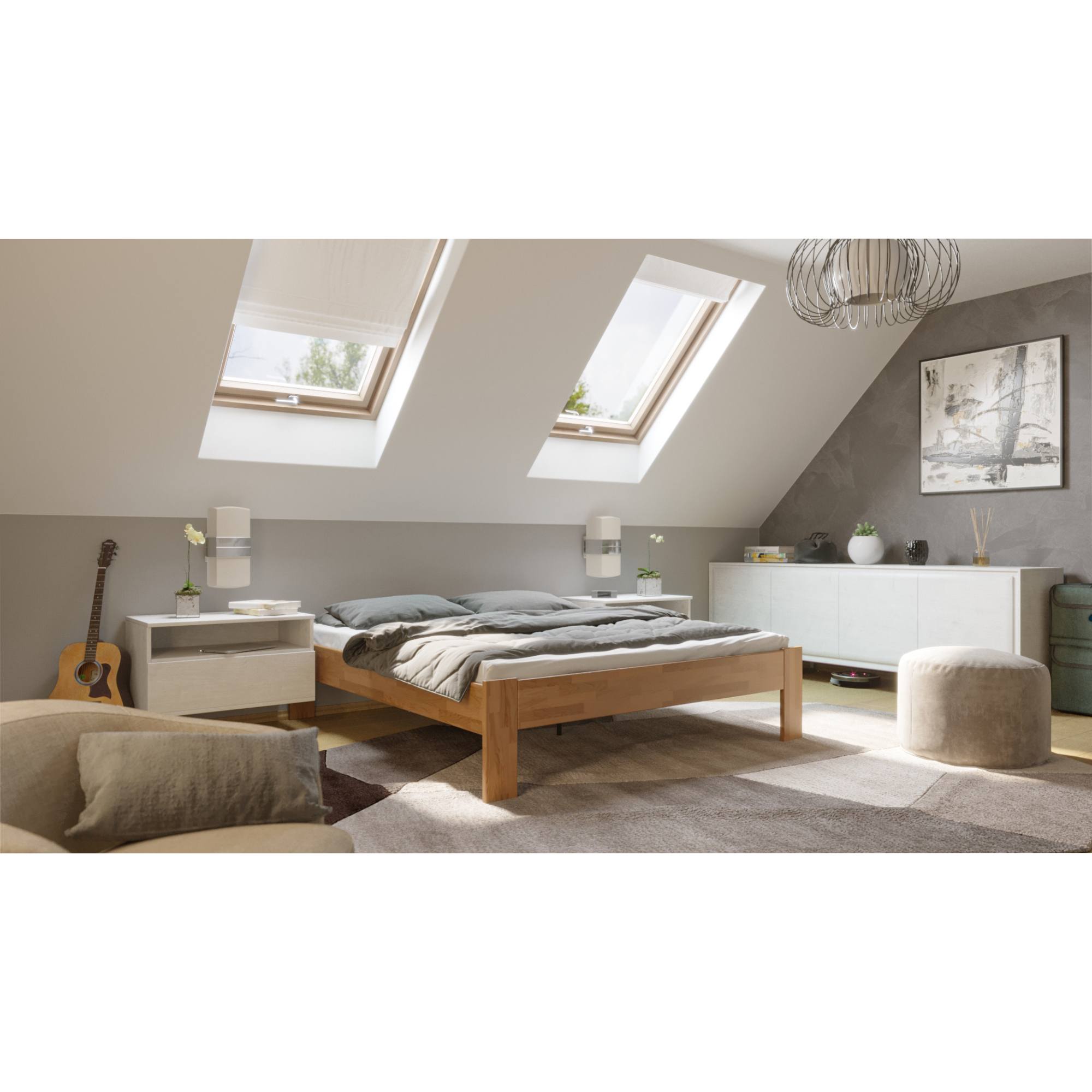 Lůžko je vyrobeno z masivního dřeva, které se vyznačuje svoji vysokou odolností a dlouhou životností. Navíc je ošetřeno olejovým nátěrem, který dřevo napouští a zvyšuje tak odolnost postele proti oděru. Škrábance potom nejsou tak viditelné a hlubší stopy se dají odstranit čištěním či lokální opravou. Postel je dodávána jako samostatný rám bez matrace a roštu, ale věříme, že si ty ideální vyberete z našeho širokého sortimentu.
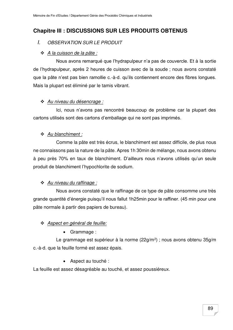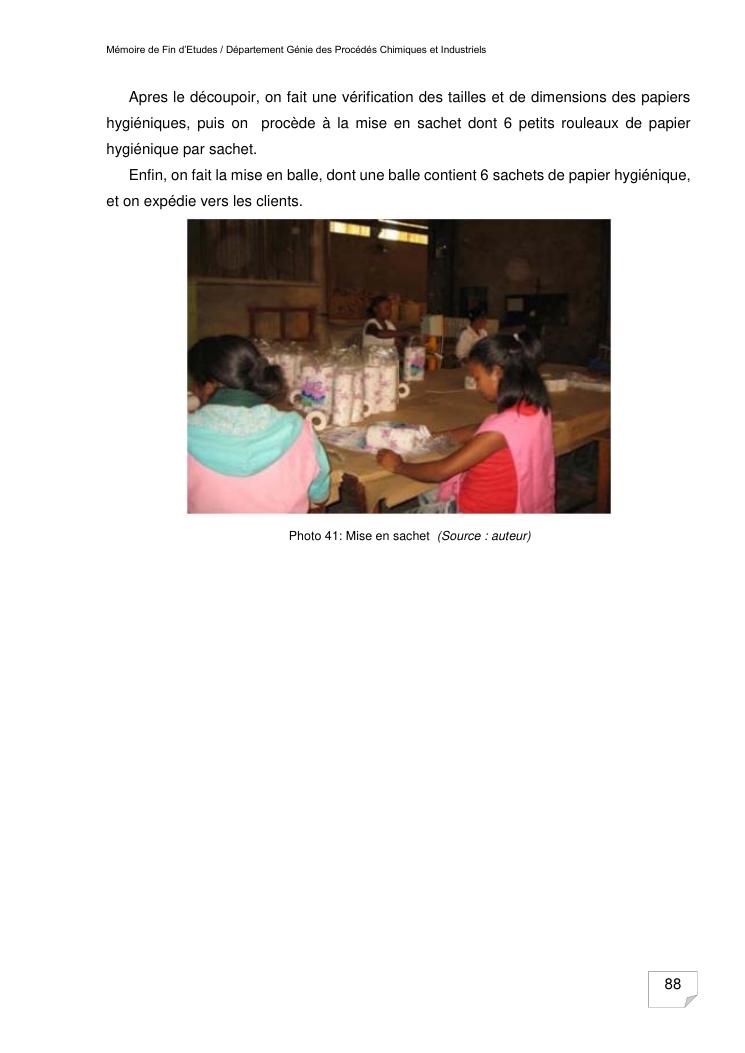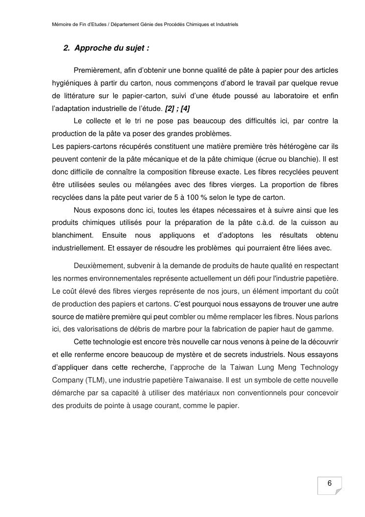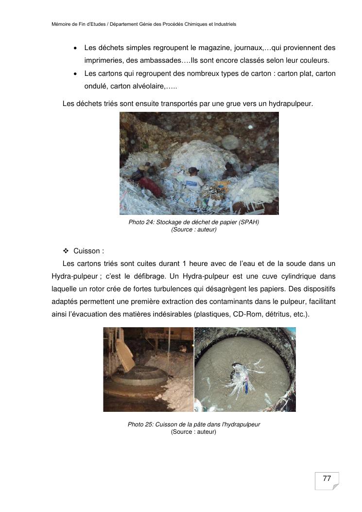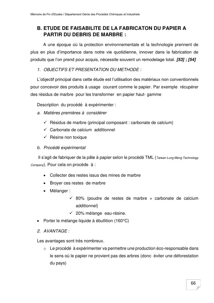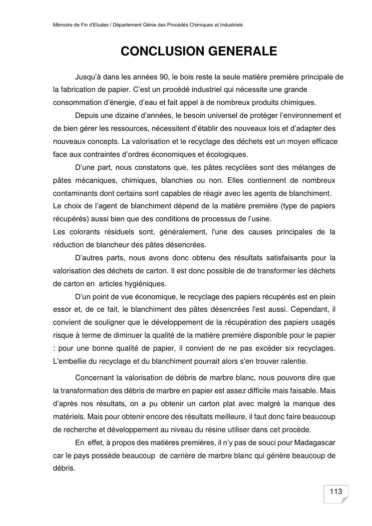 contribution à la valorisation de déchet de carton pour la production des articles hygiéniques chez s.p.a.h. ambohimanambola et éssai de valorisation de débris de marbre blanc pour la fabrication de papier.
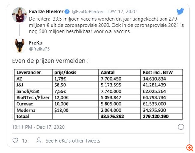 Την Παρασκευή στο Twitter της υπουργού δεν παρέμενε παρά αυτή η διαπίστωση : « ορίστε τα γεγονότα: 33,5 εκατομμύρια εμβόλια θα αγοραστούν αυτή τη χρονιά έναντι 279 εκατομμύρια euros ».
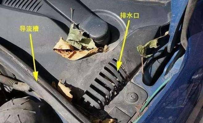????????位于發(fā)動機艙和擋風玻璃之間的發(fā)動機艙排水孔,如果經(jīng)常有樹葉樹枝掉在這個地方,就容易造成這排黑色格柵上的排水孔堵塞。
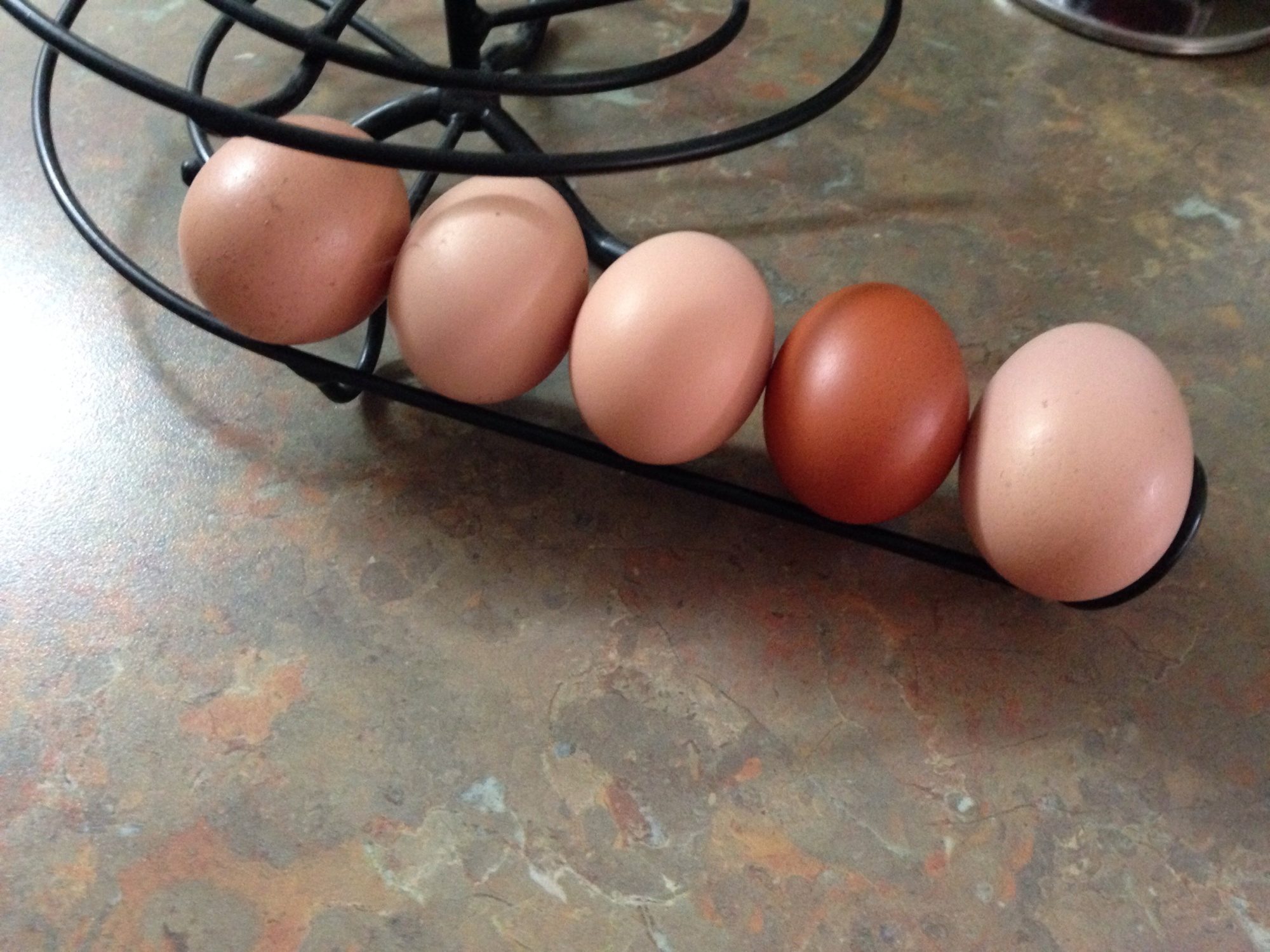 However, my Wellie may be getting done with being broody, so until I can see who is laying what, I am not entirely sure if it is both BCM's or just one BCM and my Wellie starting up again. I am kind of hoping the mossy back isn't laying yet hoping she comes in a bit darker yet. (However, I've gotten two pullet eggs in one day, and my Wellie should just start laying fuller size eggs after brooding...my other broodies do.)
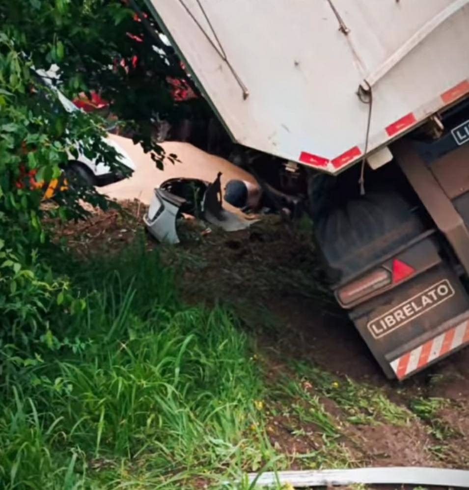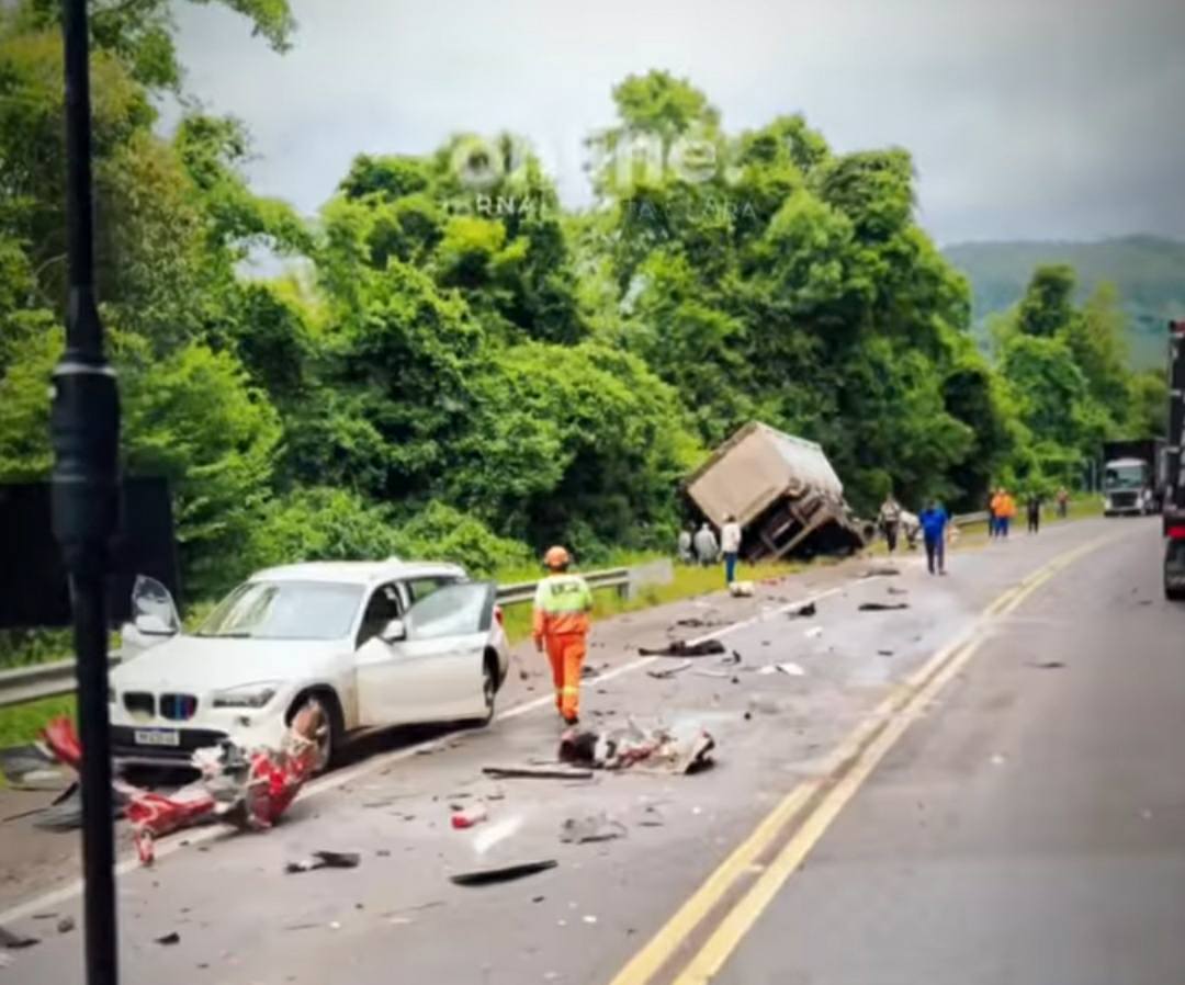 Segundo informações apuradas no local, uma das carretas envolvidas no acidente que estava carregada de trigo tombou sobre a HB20. O motorista da carreta não resistiu e faleceu no local. Na HB 20 duas pessoas ficaram presas nas ferragens e foram levadas ao Hospital Bruno Born para atendimento.
--------------------
> _BRIEF_
Transcribe the records above exactly, excluding every picture.

> _EXERCISE OUTPUT_
 Lůžko je vyrobeno z masivního dřeva, které se vyznačuje svoji vysokou odolností a dlouhou životností. Navíc je ošetřeno olejovým nátěrem, který dřevo napouští a zvyšuje tak odolnost postele proti oděru. Škrábance potom nejsou tak viditelné a hlubší stopy se dají odstranit čištěním či lokální opravou. Postel je dodávána jako samostatný rám bez matrace a roštu, ale věříme, že si ty ideální vyberete z našeho širokého sortimentu.
 contribution à la valorisation de déchet de carton pour la production des articles hygiéniques chez s.p.a.h. ambohimanambola et éssai de valorisation de débris de marbre blanc pour la fabrication de papier.
 Την Παρασκευή στο Twitter της υπουργού δεν παρέμενε παρά αυτή η διαπίστωση : « ορίστε τα γεγονότα: 33,5 εκατομμύρια εμβόλια θα αγοραστούν αυτή τη χρονιά έναντι 279 εκατομμύρια euros ».
????????位于發(fā)動機艙和擋風玻璃之間的發(fā)動機艙排水孔,如果經(jīng)常有樹葉樹枝掉在這個地方,就容易造成這排黑色格柵上的排水孔堵塞。
 However, my Wellie may be getting done with being broody, so until I can see who is laying what, I am not entirely sure if it is both BCM's or just one BCM and my Wellie starting up again. I am kind of hoping the mossy back isn't laying yet hoping she comes in a bit darker yet. (However, I've gotten two pullet eggs in one day, and my Wellie should just start laying fuller size eggs after brooding...my other broodies do.)
 Segundo informações apuradas no local, uma das carretas envolvidas no acidente que estava carregada de trigo tombou sobre a HB20. O motorista da carreta não resistiu e faleceu no local. Na HB 20 duas pessoas ficaram presas nas ferragens e foram levadas ao Hospital Bruno Born para atendimento.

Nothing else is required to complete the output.